Fine-Grained Knowledge Structuring and Retrieval for Visual Question Answering
Zhengxuan Zhang, Yin Wu, Yuyu Luo, Nan Tang

TL;DR
This paper introduces a structured approach to organize and retrieve fine-grained multimodal knowledge units for VQA, significantly improving retrieval accuracy and reasoning in multimodal large language models.
Contribution
It proposes a novel knowledge structuring method and a retrieval-augmented framework (KU-RAG) that enhances VQA performance by systematic knowledge management and integration.
Findings
Outperforms existing KB-VQA methods across four benchmarks
Achieves an average of 3% performance improvement, up to 11% in best case
Enhances reasoning capabilities through knowledge correction chain
Abstract
Visual Question Answering (VQA) focuses on providing answers to natural language questions by utilizing information from images.

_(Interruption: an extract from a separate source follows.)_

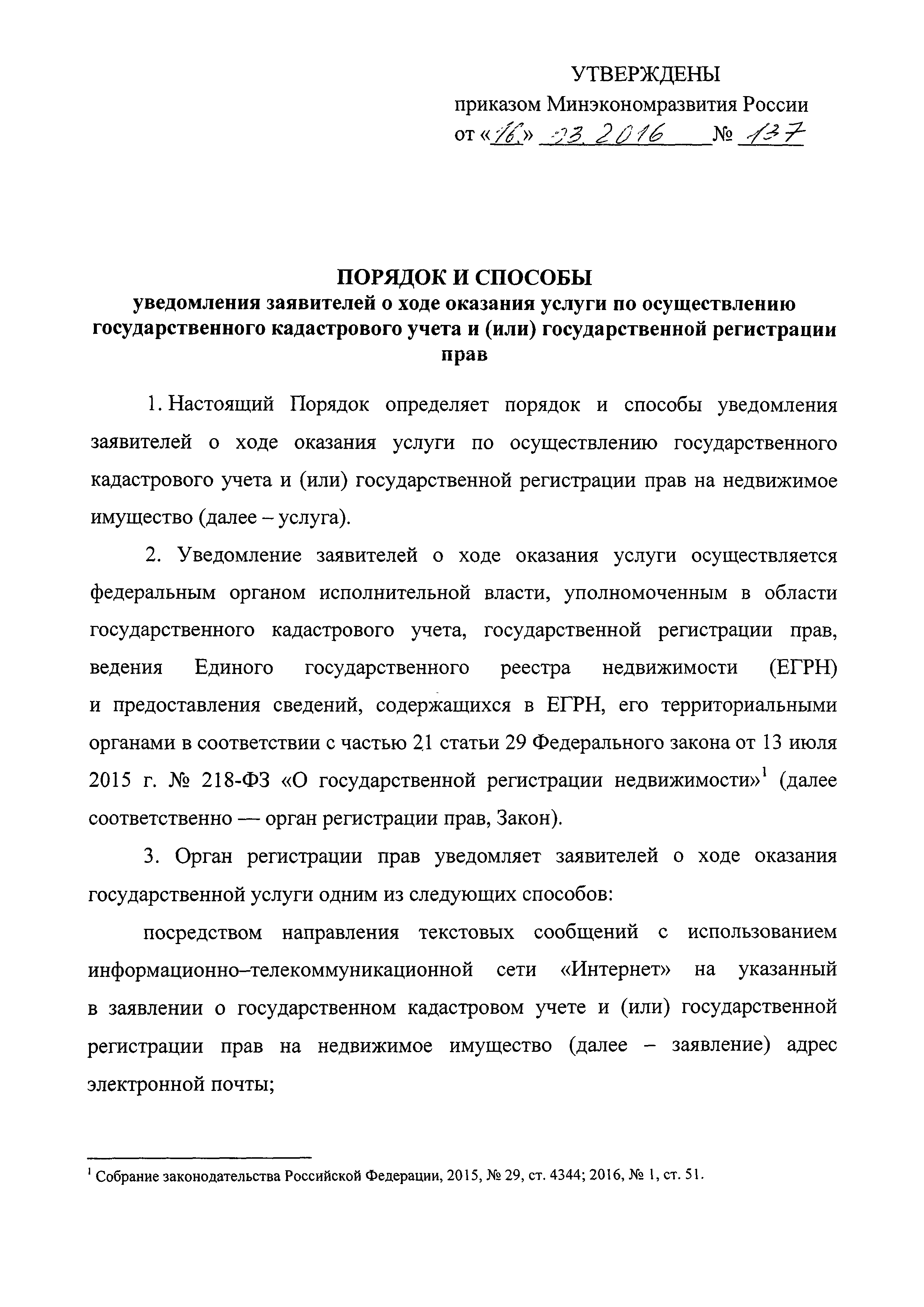 | Название рус.: | Порядок и способы уведомления заявителей о ходе оказания услуги по осуществлению государственного кадастрового учета и (или) государственной регистрации прав |

Although cutting-edge multimodal large language models (MLLMs) such as GPT-4o achieve strong performance on VQA tasks, they frequently fall short in accessing domain-specific or the latest knowledge. To mitigate this issue, retrieval-augmented generation (RAG) leveraging external knowledge bases (KBs), referred to as KB-VQA, emerges as a promising approach. Nevertheless, conventional unimodal retrieval techniques, which translate images into textual descriptions, often result in the loss of critical visual details. To address these challenges, this study presents two key innovations. First, we introduce fine-grained knowledge units that consist of multimodal data fragments (e.g. text fragments, entity images, and so on) in a structured manner. Rather than…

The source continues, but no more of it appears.